物理的なオルタネイト動作のスイッチではなく、モーメンタリ動作のタクトスイッチからの入力を制御用のマイコンが受け取って、ソフトウェア的にオルタネイト動作にしています。

ゆえに、過充電、過放電からの保護動作と共存できているわけです。理想的な動作だと感じました。

普通のモバイルバッテリーにおける電源スイッチは、電源をオンにするもの。

オフは基本的にオートパワーオフ任せとなりますが、「【IoT機器対応】cheero CANVAS 3200mAh」の場合は、オンとオフが交互です。

いったんオンにすると、USB出力口に何もつながっていなくてもオンのままなので、使い終わったらオフにしないと充電サイクルを浪費することになります。

モバイルバッテリーとしての基本性能

本機の容量は3,200mAh。Panasonic製の高品質なセルを使用しています。
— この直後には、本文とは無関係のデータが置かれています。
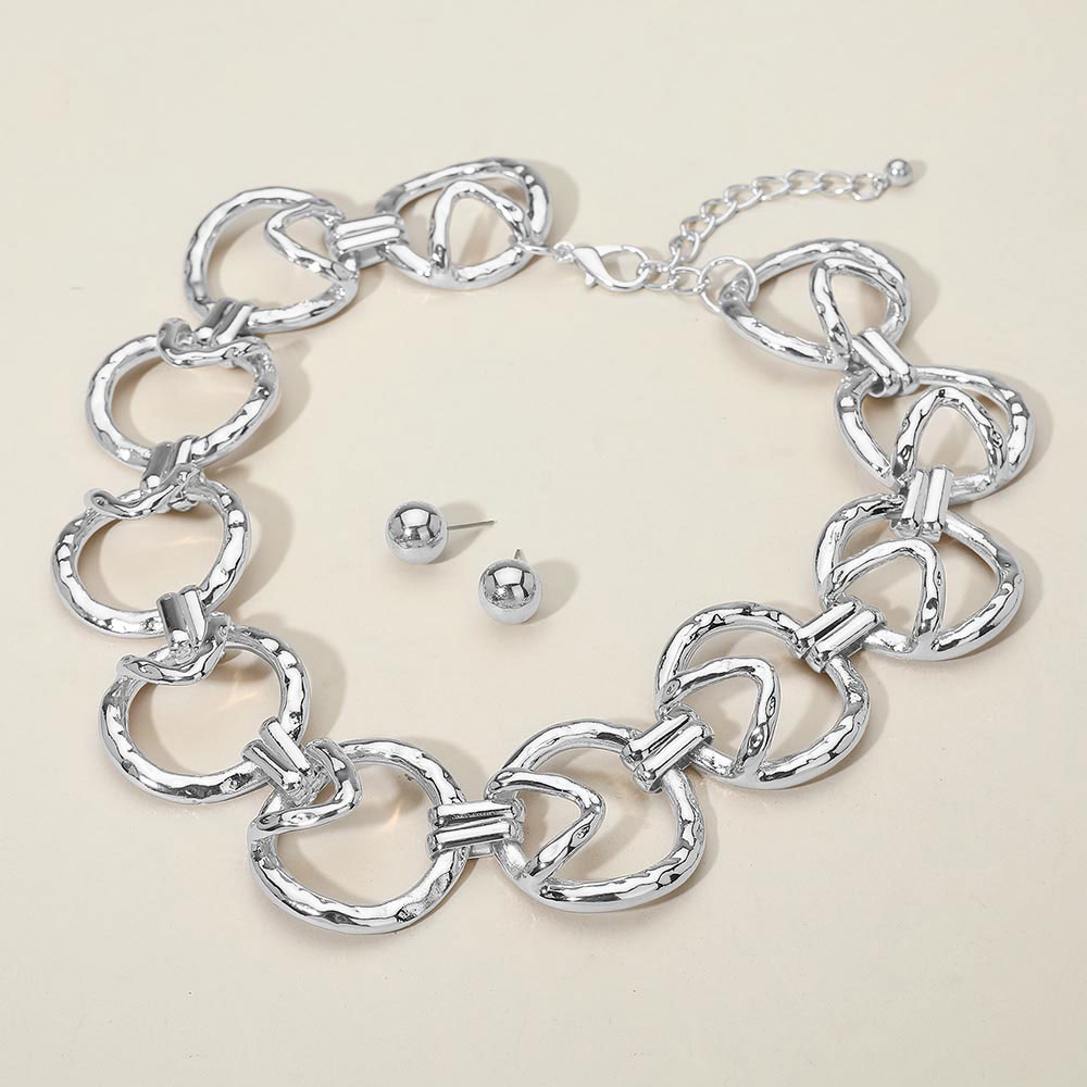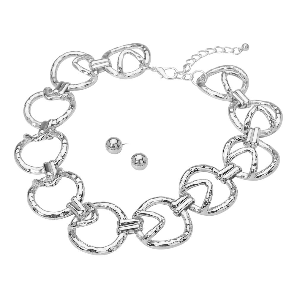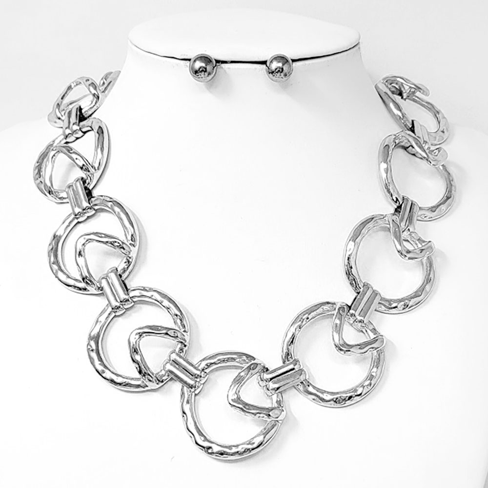 • Bold statement jewelry set featuring a chunky hammered link necklace with matching stud earrings. Designed with interlocking circular links, this striking set adds texture and shine, perfect for elevating both casual and formal looks with confident, modern style.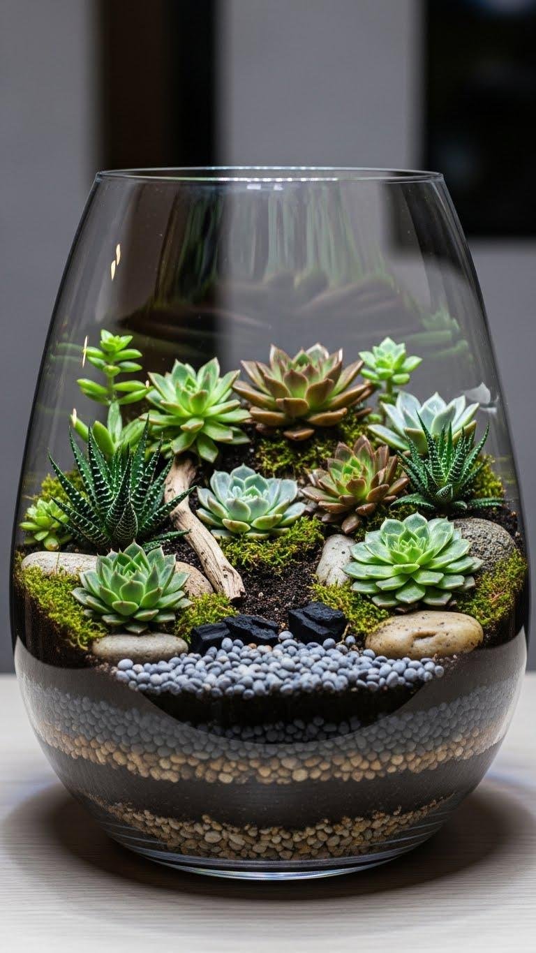 You’ll water sparingly, prune dead leaves, and enjoy a low-maintenance terrarium that feels curated and free.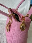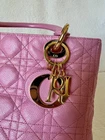 This is a vintage Christian Dior Lady Dior model from an era without bottom studs. The supple lambskin creates a natural form and luxurious feel. The bag is in beautiful condition with no metal dulling, and no scuffs or stains overall. There is one area of corner wear, as shown in photo 14. While mostly free of dirt, there may be slight discoloration or dirt due to age, but there are no noticeable stains or scratches. Color: Pink. Pattern/Type: Leather/Lambskin. Bag Size: Lady Dior (not a 2-way model). Size: Approximately 7.48 inches tall x 9.45 inches wide x 4.72 inches deep. Accessories: Storage bag (stained). I promise fast shipping via FedEx or DHL as soon as possible! Import duties, taxes and charges are not included in the item price or shipping charges. These charges are the buyer’s responsibility. These charges are normally collected by the delivering freight (shipping) company or when you pick the item up - do not confuse them for additional shipping charges.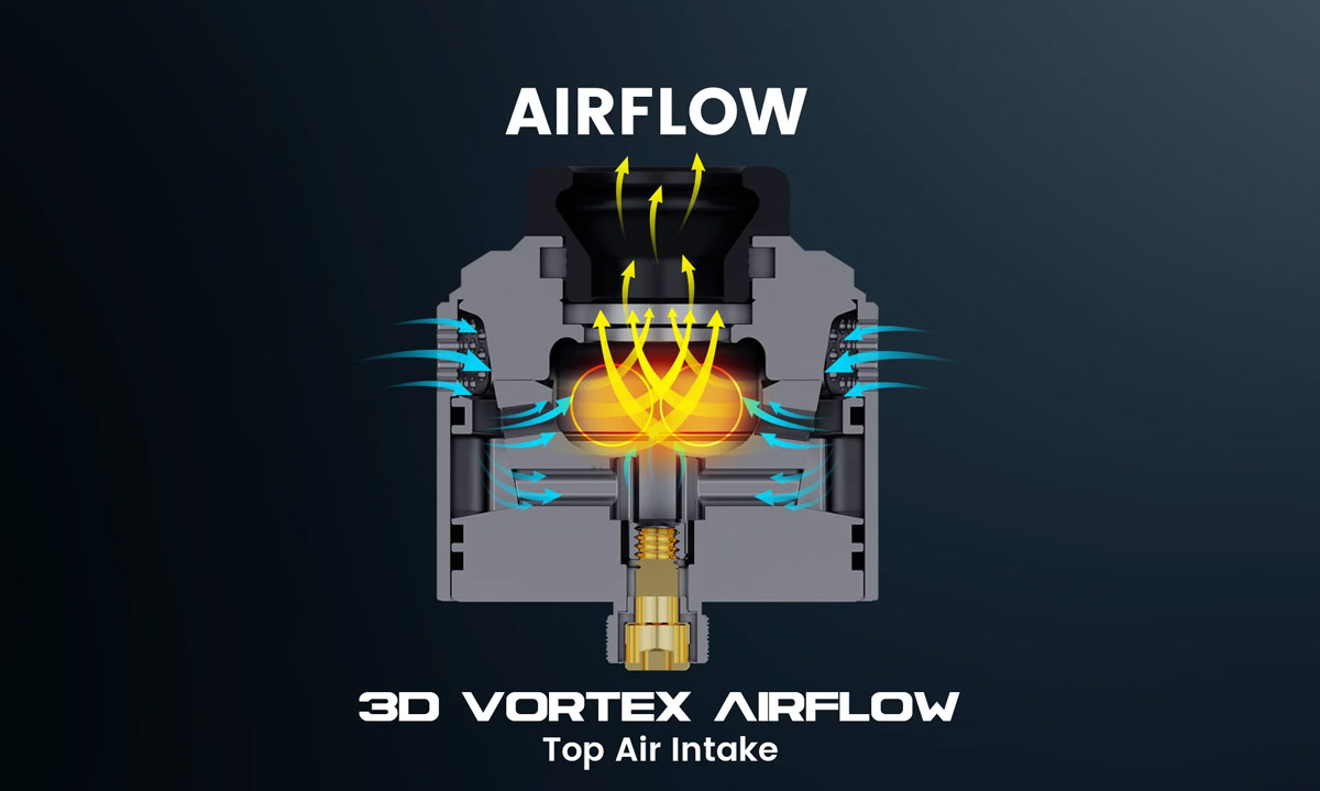 Thunderhead Creations Tauren Vortex 30 RDA is a new standard in rebuildable vaping with its innovative design and performance-driven features. Measuring 30mm in diameter, the Tauren Vortex offers a generous 2ml vape juice capacity and utilizes a dual-side 84-hole top air intake cap for unparalleled airflow. Its 3D Vortex Airflow system enhances flavor and vapor production, making each puff an immersive experience. The postless dual coil building deck simplifies coil installations, while the precise airflow control tailors your draw to perfection. Designed for both top and bottom filling, it ensures convenience during use. If you’re searching for the cheapest vapes near me, this RDA delivers premium quality at an unbeatable value.

これはiPhone 6を約1回満充電させる量に相当します。残容量は三つの白LEDで示すようになっています。残容量インジケーターである白LEDは、電源をオンにしている間、ずっと点灯し続けます。

重量は約85gで、非常に軽量。

最大供給電流は2.1A。3,000mAhクラスだと1Aのものが多いのですが、本機はiPadまで充電可能と、電流供給能力には余裕があります。

ルートアールのRT-USBVACで出力口から供給できる累積電流量を計ったところ、2,300mAhとなりました。搭載セル3,200mAhに対し実質の容量が2,300mAhですので、効率は71.8%。これはかなり優秀な値です。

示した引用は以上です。